Reproduction without pictures: print every entry precisely as written.

Records excerpted from a collection
▬▬▬▬▬▬▬▬▬▬

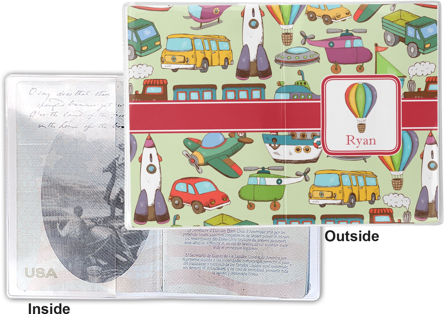 This cover is made of a sturdy clear vinyl with a personalized vinyl insert inside. There is a large and a small pocket on either side to hold the covers of your passport easily and firmly. The passport holder is approximately 7.5" x 5.25", the perfect size to snugly fit your passport. This slim cover is the perfect way to protect your passport without being one more bulky item you have to carry.
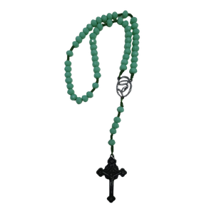 As contas são feitas de cristal, proporcionando resistência ao desgaste e um toque agradável ao manuseio. O terço possui a face de Maria representada de forma delicada, agregando valor simbólico e espiritual ao objeto. O acabamento é escuro, com brilho suave e confortável para uso diário e em momentos de reflexão. Produto leve, ideal para carregar no bolso ou bolsa.
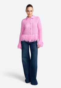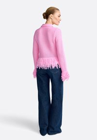 Nasmejana ženska, oblečena v ročno kvačkano roza jopico z gumbi in resicami, stoji z iztegnjenimi rokami na belem ozadju.
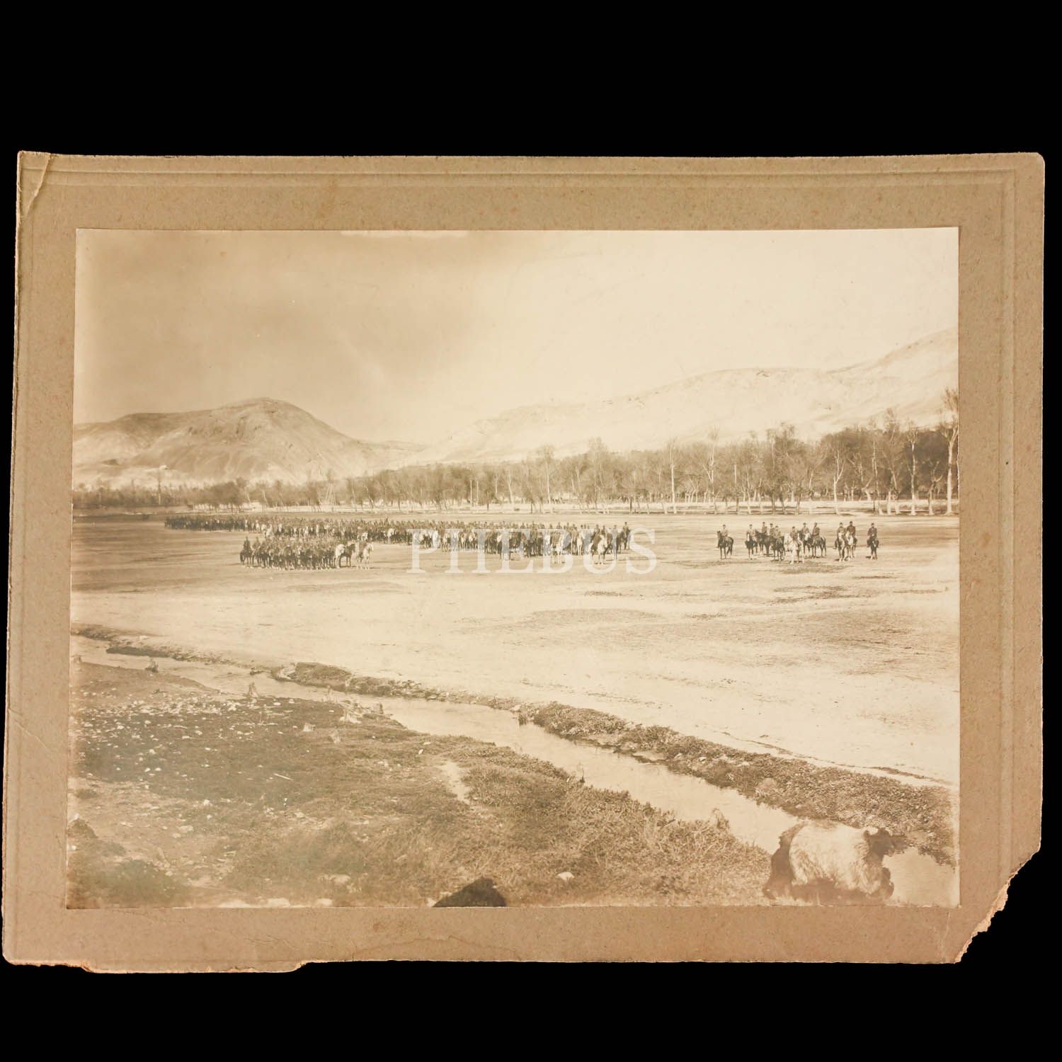 Cihan Harbi döneminden cepheye sevk edilen Osmanlı süvarileri fotoğrafı, paspartusuyla birlikte 32x25 cm...
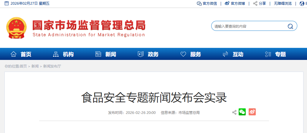 2月26日下午,市场监管总局召开食品安全专题新闻发布会。以下为发布会文字实录:
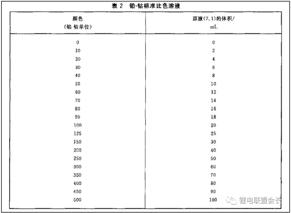 观察电解液的颜色,一般电解液都为无色透明的液体,锂电池也有专门的国标对外观的检测有具体的方法,标准为GB/T9282.1-2008透明液体以铂-钴等级评定颜色第部分通过配置铂-钴标准溶液,并用分光光度计在不同入射光波长范围下测量其吸光度值和透射率,然后配置一系列的标准比色溶液,在一系列的100ml比色管中加入指定体积的原液,用水稀释到刻度并摇匀,然后封住,并在比色管上标明相应的钴-铂单位数,然后用待测的样品和标准样品比较即可。
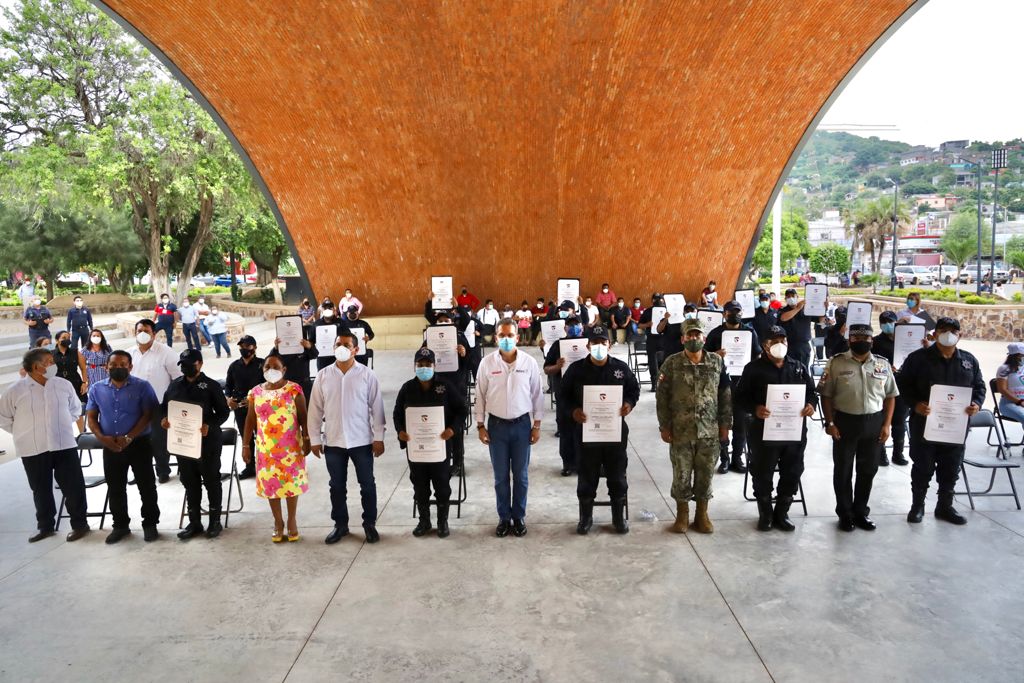 En el mismo escenario, el titular del Secretariado Ejecutivo, Manuel Vera, entregó 31 Certificados Único Policial a las y los elementos de la Policía Municipal, que acreditaron los cuatro componentes de control confianza para obtener este título.
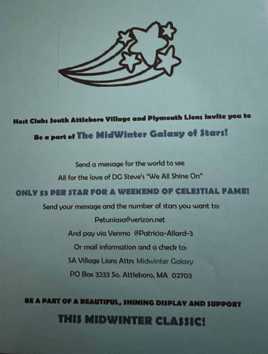 Midwinter @ Doubletree Hyannis, 287 Iyannough Rd Raynham Lions Club, 2234 King Philip St, Raynham, MA 02767 DoubleTree by Hilton, 287 Iyannough Road, Hyannis, MA 02601 Loon Pond Lodge at Ted Williams Camp, 28 Precinct Street, Lakeville, MAWe All Shine On
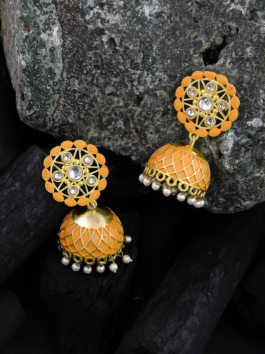 Traditional Ethnic Golden Orange Pearl Chandbali Earrings
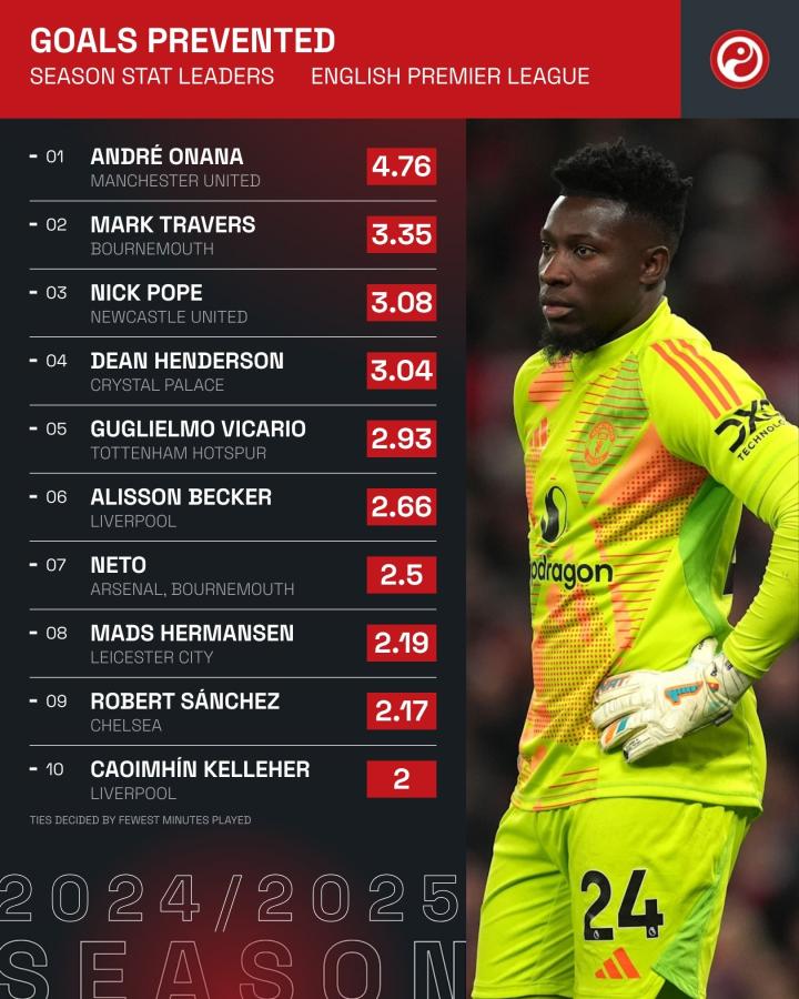据统计,曼联门将奥纳纳是本赛季英超联赛截至目前阻止预期进球数最多的门将。

▬▬▬▬▬▬▬▬▬▬

* **Result of the exercise**
 This cover is made of a sturdy clear vinyl with a personalized vinyl insert inside. There is a large and a small pocket on either side to hold the covers of your passport easily and firmly. The passport holder is approximately 7.5" x 5.25", the perfect size to snugly fit your passport. This slim cover is the perfect way to protect your passport without being one more bulky item you have to carry.
 As contas são feitas de cristal, proporcionando resistência ao desgaste e um toque agradável ao manuseio. O terço possui a face de Maria representada de forma delicada, agregando valor simbólico e espiritual ao objeto. O acabamento é escuro, com brilho suave e confortável para uso diário e em momentos de reflexão. Produto leve, ideal para carregar no bolso ou bolsa.
 Nasmejana ženska, oblečena v ročno kvačkano roza jopico z gumbi in resicami, stoji z iztegnjenimi rokami na belem ozadju.
 Cihan Harbi döneminden cepheye sevk edilen Osmanlı süvarileri fotoğrafı, paspartusuyla birlikte 32x25 cm...
 2月26日下午,市场监管总局召开食品安全专题新闻发布会。以下为发布会文字实录:
 观察电解液的颜色,一般电解液都为无色透明的液体,锂电池也有专门的国标对外观的检测有具体的方法,标准为GB/T9282.1-2008透明液体以铂-钴等级评定颜色第部分通过配置铂-钴标准溶液,并用分光光度计在不同入射光波长范围下测量其吸光度值和透射率,然后配置一系列的标准比色溶液,在一系列的100ml比色管中加入指定体积的原液,用水稀释到刻度并摇匀,然后封住,并在比色管上标明相应的钴-铂单位数,然后用待测的样品和标准样品比较即可。
 En el mismo escenario, el titular del Secretariado Ejecutivo, Manuel Vera, entregó 31 Certificados Único Policial a las y los elementos de la Policía Municipal, que acreditaron los cuatro componentes de control confianza para obtener este título.
 Midwinter @ Doubletree Hyannis, 287 Iyannough Rd Raynham Lions Club, 2234 King Philip St, Raynham, MA 02767 DoubleTree by Hilton, 287 Iyannough Road, Hyannis, MA 02601 Loon Pond Lodge at Ted Williams Camp, 28 Precinct Street, Lakeville, MAWe All Shine On
 Traditional Ethnic Golden Orange Pearl Chandbali Earrings
据统计,曼联门将奥纳纳是本赛季英超联赛截至目前阻止预期进球数最多的门将。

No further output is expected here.